It will be seen that Newcastle-upon-Tyne stands second on the list. The mortality of this town stands much higher than formerly, and its present high rate demands attention. It should be recollected in these towns that a few years ago a death-rate of 30 in the 1,000 was considered so exceptional, that the Government has power to interfere when the mortality of a town has continued above that rate more than a year.

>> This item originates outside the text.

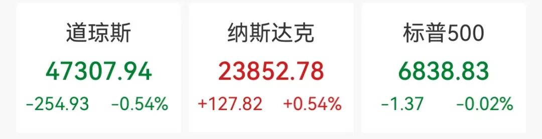 11月3日,美股三大指数集体高开后走低,截至北京时间23:15左右,道琼斯指数跌0.54%,标普500指数跌0.02%,纳斯达克综合指数涨0.54%。

Liverpool has gone through a fiery trial, and after long taking the lead as the most deadly city in the empire, may be congratulated in standing third on the list. It is to be hoped that even the present rate of mortality will be diminished before long. We need not comment further on this list except to point out the low mortality of Hull, Sheffield, Birmingham, and Bristol as compared with the other large towns of the United Kingdom. Hull more especially is to be commended: it lies low, below the sea-level (as the recent flood showed), and is surrounded by a swampy country. It should, however, be remembered that a death-rate of 24 in the 1,000 is unnecessarily high, and that where it exists at that point, it can most assuredly be reduced by sanitary measures to a lower figure.

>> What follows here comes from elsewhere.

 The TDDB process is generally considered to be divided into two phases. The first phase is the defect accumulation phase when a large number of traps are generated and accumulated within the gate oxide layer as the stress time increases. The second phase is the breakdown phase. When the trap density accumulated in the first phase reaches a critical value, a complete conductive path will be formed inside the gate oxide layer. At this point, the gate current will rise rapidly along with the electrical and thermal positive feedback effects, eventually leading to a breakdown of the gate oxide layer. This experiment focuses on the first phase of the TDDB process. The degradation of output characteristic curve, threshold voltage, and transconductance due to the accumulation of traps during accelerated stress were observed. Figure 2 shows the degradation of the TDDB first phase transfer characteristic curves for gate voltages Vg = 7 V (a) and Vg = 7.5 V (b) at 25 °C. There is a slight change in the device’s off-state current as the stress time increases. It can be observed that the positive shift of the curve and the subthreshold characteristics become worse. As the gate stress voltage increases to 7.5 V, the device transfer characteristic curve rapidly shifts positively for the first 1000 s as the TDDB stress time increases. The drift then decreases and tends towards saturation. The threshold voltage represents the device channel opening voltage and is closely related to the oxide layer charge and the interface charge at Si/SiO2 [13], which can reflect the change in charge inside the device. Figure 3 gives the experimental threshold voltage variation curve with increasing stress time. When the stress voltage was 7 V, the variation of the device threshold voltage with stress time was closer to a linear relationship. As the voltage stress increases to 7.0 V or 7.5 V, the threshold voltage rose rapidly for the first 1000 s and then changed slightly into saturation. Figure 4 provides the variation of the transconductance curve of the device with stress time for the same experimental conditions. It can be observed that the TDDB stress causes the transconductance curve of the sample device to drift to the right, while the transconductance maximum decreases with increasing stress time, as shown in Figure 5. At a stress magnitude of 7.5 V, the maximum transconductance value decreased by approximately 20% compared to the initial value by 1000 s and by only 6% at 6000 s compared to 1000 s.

Although London presented the low rate of 23 in the 1,000, it must not be supposed that this is not subject to lower and higher rates in its various districts. As a rule we find that the closer and thicker the population, the greater the mortality. We are not able to say how this influences the relative mortality of Manchester and Birmingham, but it is remarkable in the registration divisions into which London is grouped. The Registrar-General recognizes five divisions-1. The Central, which includes St. Giles, Strand, Holborn, Clerkenwell, St. Luke, East and West London, and the City in this group the mortality was 24 in the 1,000. 2. The Eastern district comprises Shoreditch, Bethnal Green, Whitechapel, St George's-in-the-East, Stepney, Mile End Old Town, and Poplar: the death-rate in this district was also 24 in 1,000. 3. The Northern division, including Marylebone, Hampstead with its Heath, Pancras, Islington, and Hackney, all with great unbuilt-on spaces; here the death-rate was only 23 in the 1,000. 4. The Western district, including Kensington, Chelsea, St. George's, Hanover Square, Westminster, St. Martin-in-the-Fields, and St. James, Westminster: in this group there is less free space, but it includes the wealth of London, and its mortality was 22 in the 1,000. 5. The Southern group; this includes all the south side of the water; it comprises the teeming populations of Lambeth, Southwark, Deptford, and Greenwich, but also the almost country districts of Wandsworth, Clapham, Dulwich, and Blackheath: here the death-rate is 21 in the 1,000. This last division has an area almost six times as great as the Eastern and Central divisions together, and a population not equal to these two divisions combined. It is a fact worthy of notice that the south side of the Thames from 1815 to 1864 has exhibited a higher rate of mortality than it does the present year. There is no doubt that this is due, first, to a supply of purer water, by the water companies having obtained supplies of purer water; and, secondly, that the new system of metropolitan drainage is beginning to tell favourably upon the health of the south side of London.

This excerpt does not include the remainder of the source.